::: Study material
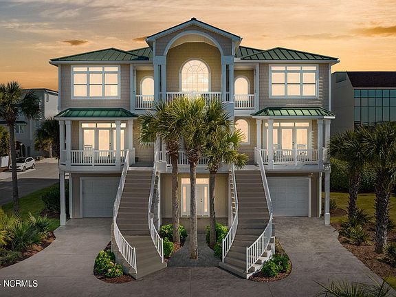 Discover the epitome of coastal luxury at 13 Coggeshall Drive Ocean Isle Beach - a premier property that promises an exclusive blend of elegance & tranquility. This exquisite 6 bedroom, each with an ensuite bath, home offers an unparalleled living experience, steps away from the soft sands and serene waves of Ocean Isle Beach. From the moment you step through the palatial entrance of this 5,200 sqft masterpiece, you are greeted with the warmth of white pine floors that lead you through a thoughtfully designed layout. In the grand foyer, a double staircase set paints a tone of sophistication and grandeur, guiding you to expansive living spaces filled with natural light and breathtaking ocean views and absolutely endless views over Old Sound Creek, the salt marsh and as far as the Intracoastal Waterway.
::::::
::: Study material
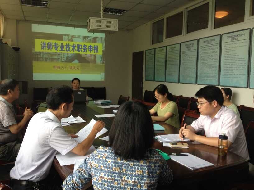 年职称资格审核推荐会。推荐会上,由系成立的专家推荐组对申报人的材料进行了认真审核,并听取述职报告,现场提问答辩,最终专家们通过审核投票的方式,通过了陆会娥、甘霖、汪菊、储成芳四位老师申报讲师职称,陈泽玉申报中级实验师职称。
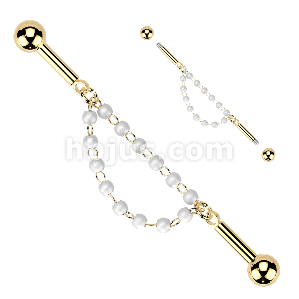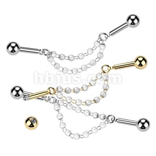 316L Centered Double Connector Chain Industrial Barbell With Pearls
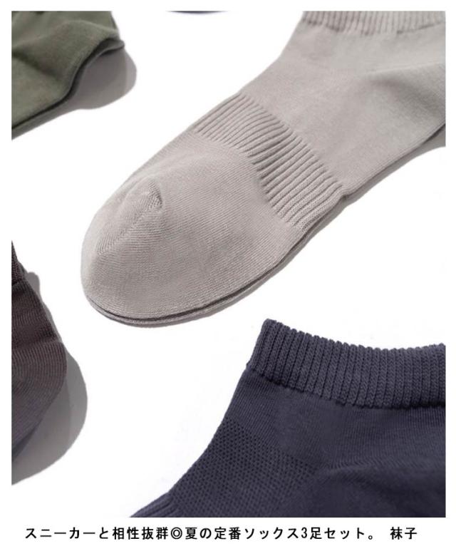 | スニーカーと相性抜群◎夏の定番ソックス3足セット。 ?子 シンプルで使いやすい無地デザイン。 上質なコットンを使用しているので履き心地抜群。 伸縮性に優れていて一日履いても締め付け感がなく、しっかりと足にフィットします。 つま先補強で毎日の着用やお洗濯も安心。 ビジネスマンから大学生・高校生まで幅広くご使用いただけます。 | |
::::::
Assignment:
A clean copy is needed of the lines in the listing above from the one with "316L Centered Double" through the one with "ビジネスマンから大学生・高校生まで幅広くご使用いただけます。 | |", exact in every word and free of pictures.

Solution for this task:
 316L Centered Double Connector Chain Industrial Barbell With Pearls
 | スニーカーと相性抜群◎夏の定番ソックス3足セット。 ?子 シンプルで使いやすい無地デザイン。 上質なコットンを使用しているので履き心地抜群。 伸縮性に優れていて一日履いても締め付け感がなく、しっかりと足にフィットします。 つま先補強で毎日の着用やお洗濯も安心。 ビジネスマンから大学生・高校生まで幅広くご使用いただけます。 | |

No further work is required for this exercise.